* YOUR OBJECTIVE:
Transcribe the listing in full, excluding any pictures.
----------------
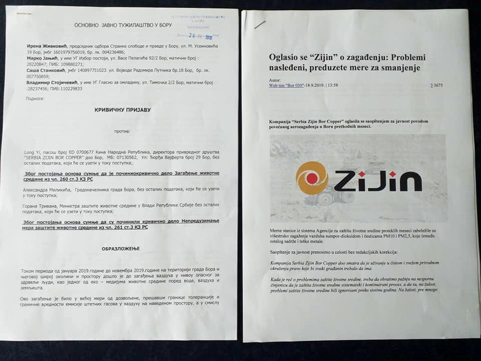 U krivičnoj prijavi koju je agenciji Beta dostavila Irena Živković, jedna od organizatora protesta protiv zagađenja u Boru, i predsednica gradskog odbora Stranke slobode i pravde, navodi se sumnja da je direktor Zidjin Long Yi počinio krivično delo zagađenje životne sredine.
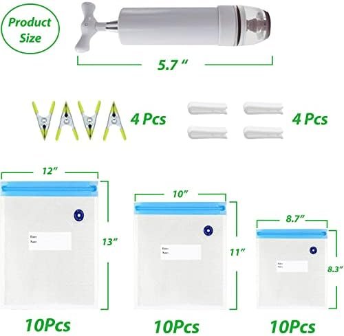 【Easy to Use】You just place your food items in the reusable food storage bag,seal the top with the clips provided,then attach the pump on the air valve pump it up and down until the air has been removed from the bag. After use, simply wash bag with dish soap and water and store it to dry before your next use.
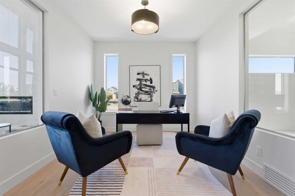 The open-concept main floor flows seamlessly from one space to the next, featuring a versatile flex room with elegant glass accents, perfect for a home office, playroom, or formal sitting area. The chef-inspired kitchen impresses with custom cabinetry, quartz countertops, built-in premium appliances, and a large central island with bar seating. Full-height cabinets and a spacious walk-in pantry combine functionality and style, ideal for any culinary enthusiast. Luxury vinyl plank flooring, designer tilework, and statement lighting enhance every detail, while the open-to-below living room adds a dramatic sense of grandeur, openness, and natural light.
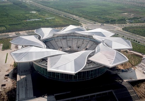 “Đóa Mộc Lan Thượng Hải” là cái tên mà nhiều người đặt cho sân vận động Trùng Khánh ở đô thị lớn nhất Trung Quốc này. Mái nhà của SVĐ được thiết kế theo hình dáng đóa Mộc Lan nở rộ 8 cánh bằng thép tuyệt đẹp. Mái nhà đặc biệt này còn có khả năng “di động”, nghĩa là khi diễn ra các sự kiện thể thao thì bông hoa sẽ “xòe cánh” và ngược lại.
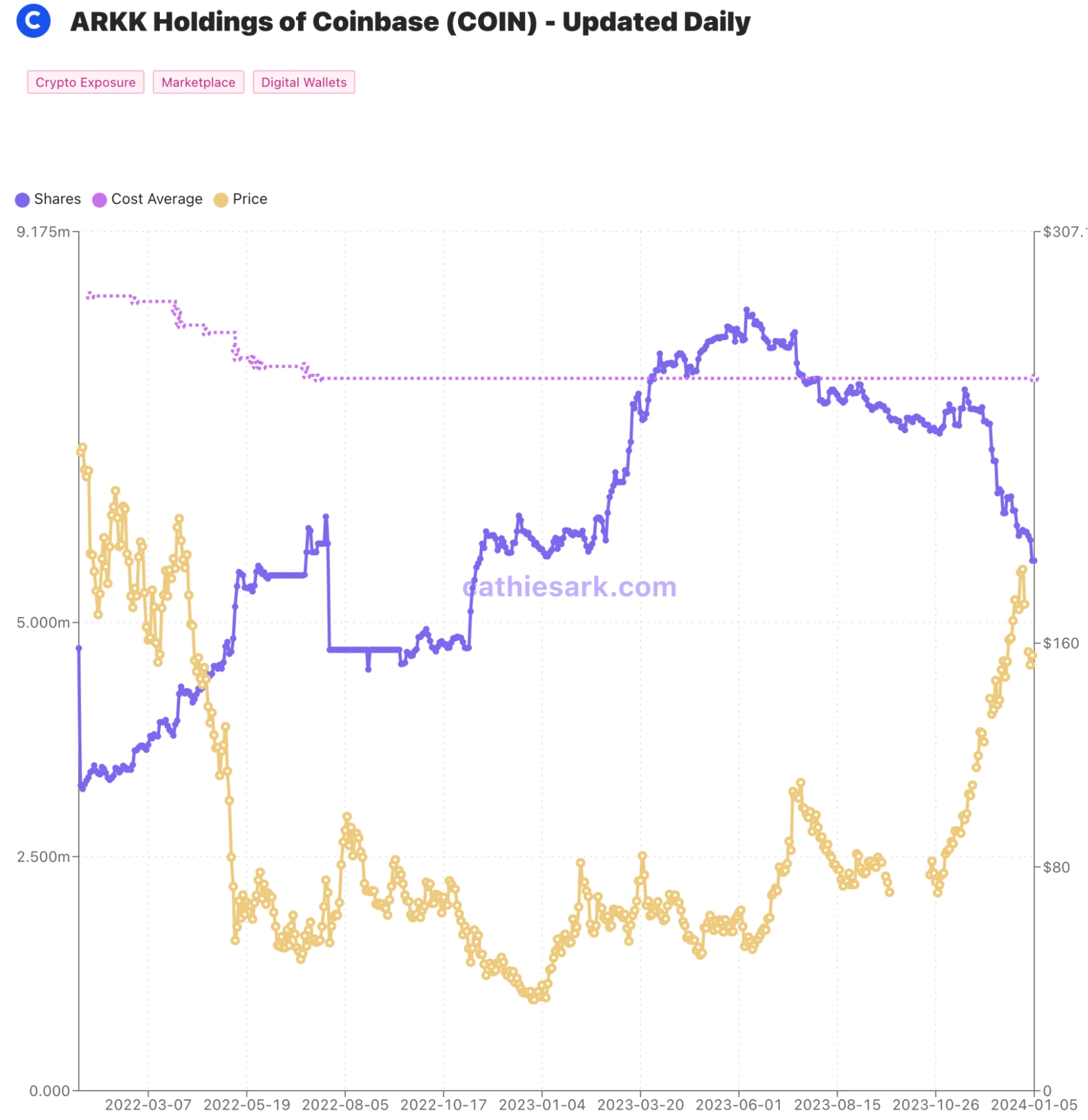 Catherine Wood 已经把 23 年加仓的 COIN 全卖了,不过考虑到价格涨太多,COIN 权重太高了,要被动减仓的成分不少,即便减仓了 32% 依旧是 ARK 系列基金里第一大持仓:
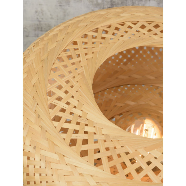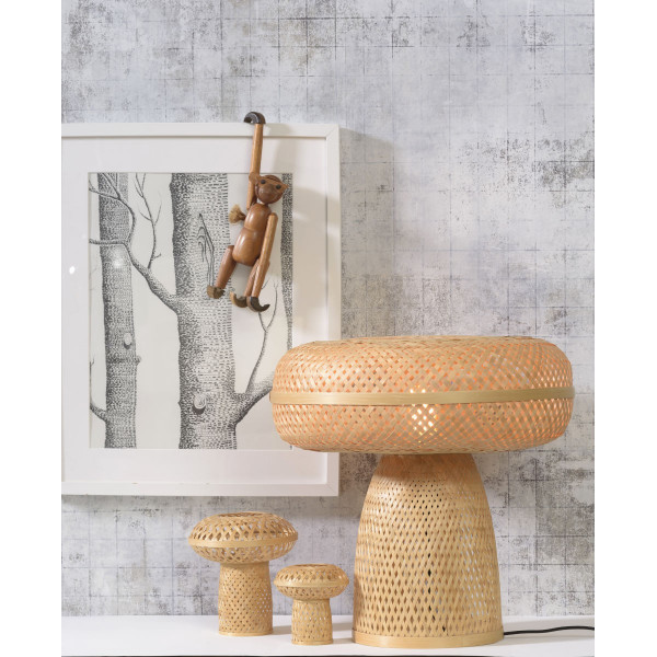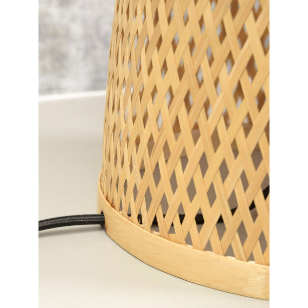 Lampa stołowa Palawan natychmiast uwodzi oryginalnością swojego projektu. Łącząc żelazo i bambus, wnosi urok i urok do dekoracji wnętrz. Charakteryzuje się długością 40 cm, wysokością 40 cm i rozmiarem podstawy 40 cm x 40 cm. Ta oprawa ma podstawę E27 (żarówka nie wchodzi w zakres dostawy).
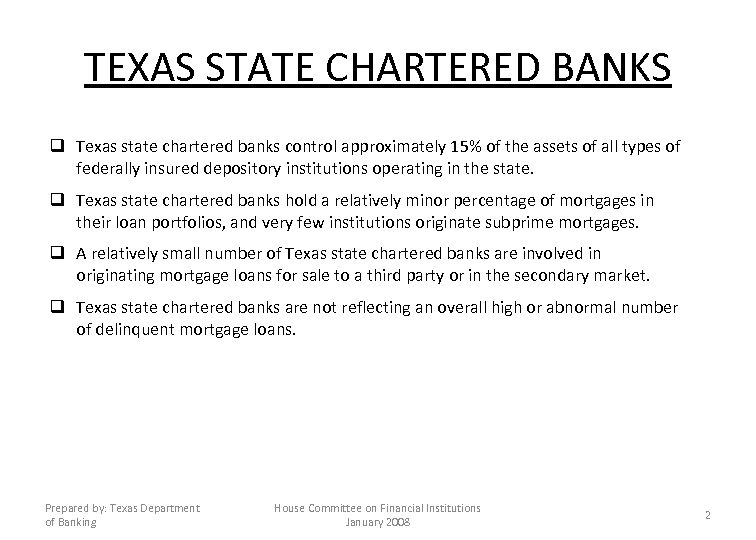 TEXAS STATE CHARTERED BANKS q Texas state chartered banks control approximately 15% of the assets of all types of federally insured depository institutions operating in the state. q Texas state chartered banks hold a relatively minor percentage of mortgages in their loan portfolios, and very few institutions originate subprime mortgages. q A relatively small number of Texas state chartered banks are involved in originating mortgage loans for sale to a third party or in the secondary market. q Texas state chartered banks are not reflecting an overall high or abnormal number of delinquent mortgage loans. Prepared by: Texas Department of Banking House Committee on Financial Institutions January 2008 2
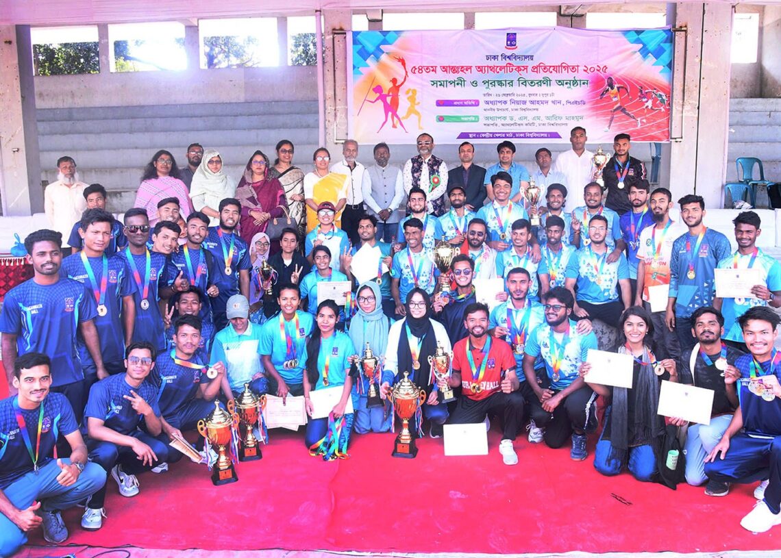 ঢাকা বিশ্ববিদ্যালয় অ্যাথলেটিকস্ কমিটির সভাপতি অধ্যাপক ড. এস. এম. আরিফ মাহমুদের সভাপতিত্বে পুরস্কার বিতরণী অনুষ্ঠানে শারীরিক শিক্ষা কেন্দ্রের ভারপ্রাপ্ত পরিচালক এস এম জাকারিয়াসহ বিভিন্ন হলের প্রাধ্যক্ষ, আবাসিক শিক্ষক, শিক্ষার্থী ও খেলোয়াড়বৃন্দ উপস্থিত ছিলেন।
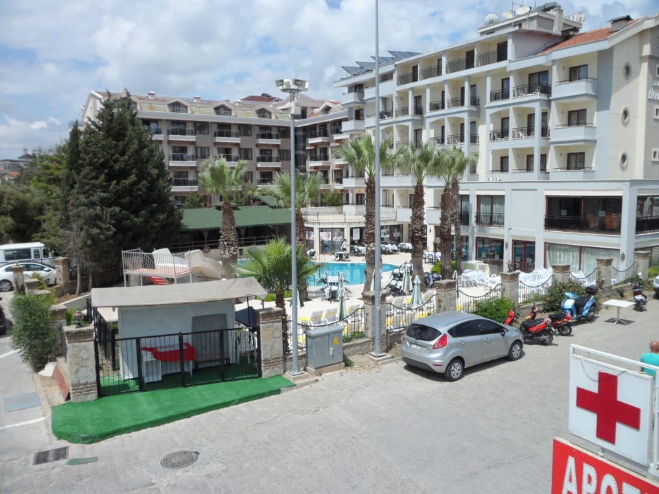 Blick v.d. Holzsonnenterrasse auf das Nachbarhotel
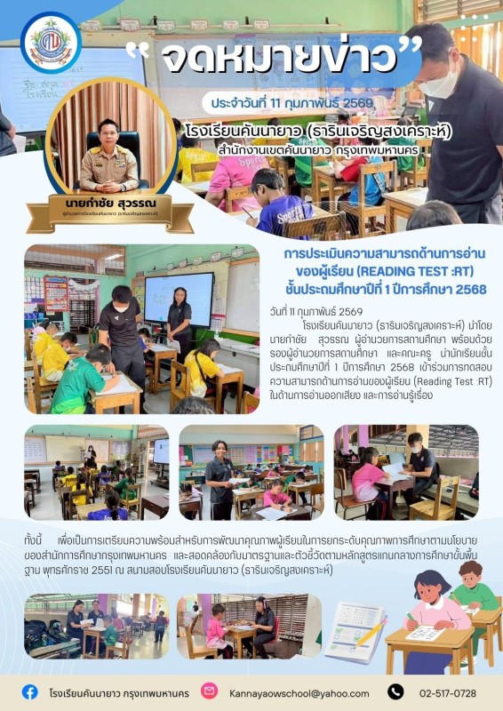 โรงเรียนคันนายาว (ธารินเจริญสงเคราะห์) นำโดยนายกำชัย สุวรรณ ผู้อำนวยการสถานศึกษา พร้อมด้วยรองผู้อำนวยการสถานศึกษา และคณะครู นำนักเรียนชั้นประถมศึกษาปีที่ 1 ปีการศึกษา 2568 เข้าร่วมการทดสอบความสามารถด้านการอ่านของผู้เรียน (Reading Test :RT) ในด้านการอ่านออกเสียง และการอ่านรู้เรื่อง
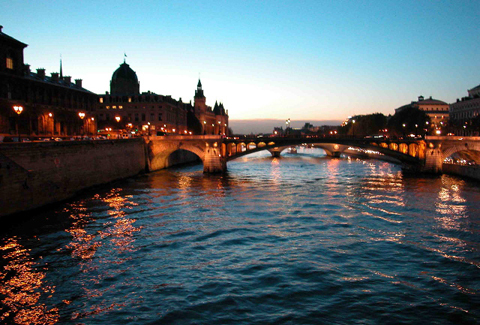 前回みたアルコル橋の約180m下流に架かっている一見地味なつぎはぎの橋。ここは古代から人々がセーヌ川を渡っていた場所である。右岸と左岸をつなぐパリで一番古い通りがシテ島の真ん中を走っている。その名もシテ通り、その両端はセーヌ川に出て、そこから反対側の岸に出る二つの橋を、川幅の大きさによって区別し、右岸に渡る橋をグラン・ポン(Grand Pont:大きい橋の意)、左岸に渡る橋をプティ・ポン(Petit Pont:小さい橋)と呼んでいた。どちらもパリで一番古くから橋が架かっていたところである。
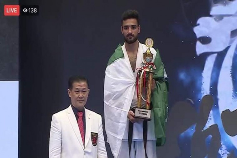 Usama Arif a student of AJK Shinkyokushin Karate Academy Mirpur Azad Kashmir, displayed outstanding performance as he succeeded to get the commanding position where he tried his best to fight to won Silver in Men’s-85kg category.
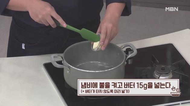 2. 냄비에 불을 켜고 버터 15g을 넣는다.
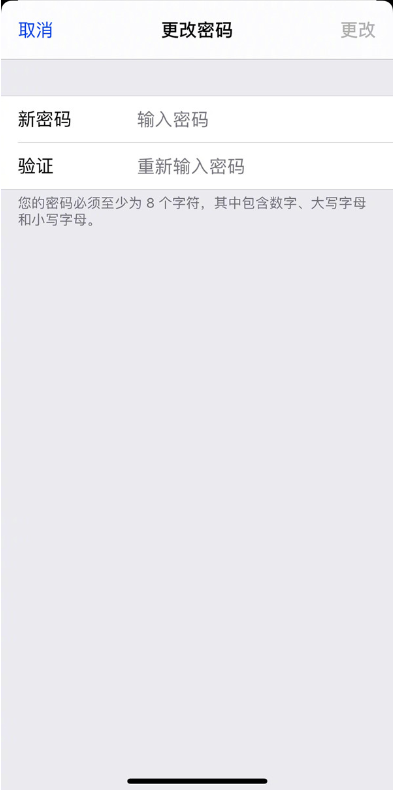 2、点击【更改密码】,重新输入新的设备密码即可,这样就可以输新密码登陆苹果手机。
----------------
* SOLVED PROBLEM:
 U krivičnoj prijavi koju je agenciji Beta dostavila Irena Živković, jedna od organizatora protesta protiv zagađenja u Boru, i predsednica gradskog odbora Stranke slobode i pravde, navodi se sumnja da je direktor Zidjin Long Yi počinio krivično delo zagađenje životne sredine.
 【Easy to Use】You just place your food items in the reusable food storage bag,seal the top with the clips provided,then attach the pump on the air valve pump it up and down until the air has been removed from the bag. After use, simply wash bag with dish soap and water and store it to dry before your next use.
 The open-concept main floor flows seamlessly from one space to the next, featuring a versatile flex room with elegant glass accents, perfect for a home office, playroom, or formal sitting area. The chef-inspired kitchen impresses with custom cabinetry, quartz countertops, built-in premium appliances, and a large central island with bar seating. Full-height cabinets and a spacious walk-in pantry combine functionality and style, ideal for any culinary enthusiast. Luxury vinyl plank flooring, designer tilework, and statement lighting enhance every detail, while the open-to-below living room adds a dramatic sense of grandeur, openness, and natural light.
 “Đóa Mộc Lan Thượng Hải” là cái tên mà nhiều người đặt cho sân vận động Trùng Khánh ở đô thị lớn nhất Trung Quốc này. Mái nhà của SVĐ được thiết kế theo hình dáng đóa Mộc Lan nở rộ 8 cánh bằng thép tuyệt đẹp. Mái nhà đặc biệt này còn có khả năng “di động”, nghĩa là khi diễn ra các sự kiện thể thao thì bông hoa sẽ “xòe cánh” và ngược lại.
 Catherine Wood 已经把 23 年加仓的 COIN 全卖了,不过考虑到价格涨太多,COIN 权重太高了,要被动减仓的成分不少,即便减仓了 32% 依旧是 ARK 系列基金里第一大持仓:
 Lampa stołowa Palawan natychmiast uwodzi oryginalnością swojego projektu. Łącząc żelazo i bambus, wnosi urok i urok do dekoracji wnętrz. Charakteryzuje się długością 40 cm, wysokością 40 cm i rozmiarem podstawy 40 cm x 40 cm. Ta oprawa ma podstawę E27 (żarówka nie wchodzi w zakres dostawy).
 TEXAS STATE CHARTERED BANKS q Texas state chartered banks control approximately 15% of the assets of all types of federally insured depository institutions operating in the state. q Texas state chartered banks hold a relatively minor percentage of mortgages in their loan portfolios, and very few institutions originate subprime mortgages. q A relatively small number of Texas state chartered banks are involved in originating mortgage loans for sale to a third party or in the secondary market. q Texas state chartered banks are not reflecting an overall high or abnormal number of delinquent mortgage loans. Prepared by: Texas Department of Banking House Committee on Financial Institutions January 2008 2
 ঢাকা বিশ্ববিদ্যালয় অ্যাথলেটিকস্ কমিটির সভাপতি অধ্যাপক ড. এস. এম. আরিফ মাহমুদের সভাপতিত্বে পুরস্কার বিতরণী অনুষ্ঠানে শারীরিক শিক্ষা কেন্দ্রের ভারপ্রাপ্ত পরিচালক এস এম জাকারিয়াসহ বিভিন্ন হলের প্রাধ্যক্ষ, আবাসিক শিক্ষক, শিক্ষার্থী ও খেলোয়াড়বৃন্দ উপস্থিত ছিলেন।
 Blick v.d. Holzsonnenterrasse auf das Nachbarhotel
 โรงเรียนคันนายาว (ธารินเจริญสงเคราะห์) นำโดยนายกำชัย สุวรรณ ผู้อำนวยการสถานศึกษา พร้อมด้วยรองผู้อำนวยการสถานศึกษา และคณะครู นำนักเรียนชั้นประถมศึกษาปีที่ 1 ปีการศึกษา 2568 เข้าร่วมการทดสอบความสามารถด้านการอ่านของผู้เรียน (Reading Test :RT) ในด้านการอ่านออกเสียง และการอ่านรู้เรื่อง
 前回みたアルコル橋の約180m下流に架かっている一見地味なつぎはぎの橋。ここは古代から人々がセーヌ川を渡っていた場所である。右岸と左岸をつなぐパリで一番古い通りがシテ島の真ん中を走っている。その名もシテ通り、その両端はセーヌ川に出て、そこから反対側の岸に出る二つの橋を、川幅の大きさによって区別し、右岸に渡る橋をグラン・ポン(Grand Pont:大きい橋の意)、左岸に渡る橋をプティ・ポン(Petit Pont:小さい橋)と呼んでいた。どちらもパリで一番古くから橋が架かっていたところである。
 Usama Arif a student of AJK Shinkyokushin Karate Academy Mirpur Azad Kashmir, displayed outstanding performance as he succeeded to get the commanding position where he tried his best to fight to won Silver in Men’s-85kg category.
 2. 냄비에 불을 켜고 버터 15g을 넣는다.
 2、点击【更改密码】,重新输入新的设备密码即可,这样就可以输新密码登陆苹果手机。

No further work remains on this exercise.